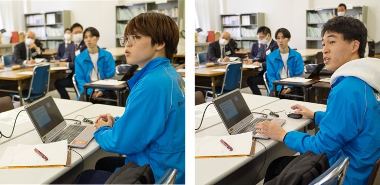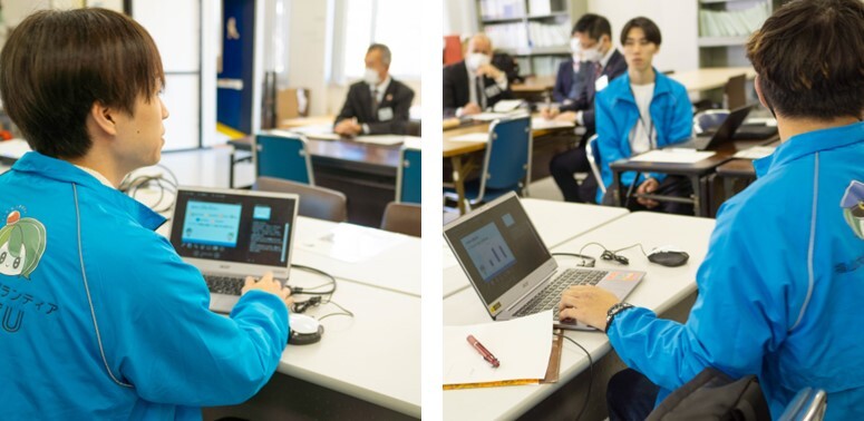 その後、普段の定期活動で行っているサイバーパトロールの様子を実際に見てもらいました。普段は、広島県警サイバー犯罪対策課とZoomで繋がった状態で行っていますが、この日は実際にサイバー犯罪対策課の方も対面で来てくださっていたので、通報に迷うような事案があったときにも、すぐに相談ができるという、とても贅沢な状況でした。
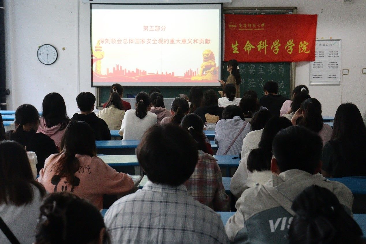 4月15日,生命科学学院在G103举办“国家安全 共同守护”主题宣讲签名活动,进一步做好国家安全教育宣传,近百名同学参加活动。
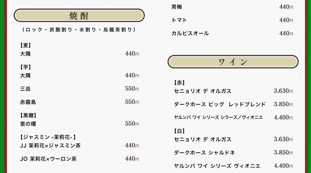 お品書き
------------------------------------
Instructions to follow: The data above, line by line: transcribe it exactly and drop the pictures.

Response below:
 その後、普段の定期活動で行っているサイバーパトロールの様子を実際に見てもらいました。普段は、広島県警サイバー犯罪対策課とZoomで繋がった状態で行っていますが、この日は実際にサイバー犯罪対策課の方も対面で来てくださっていたので、通報に迷うような事案があったときにも、すぐに相談ができるという、とても贅沢な状況でした。
 4月15日,生命科学学院在G103举办“国家安全 共同守护”主题宣讲签名活动,进一步做好国家安全教育宣传,近百名同学参加活动。
 お品書き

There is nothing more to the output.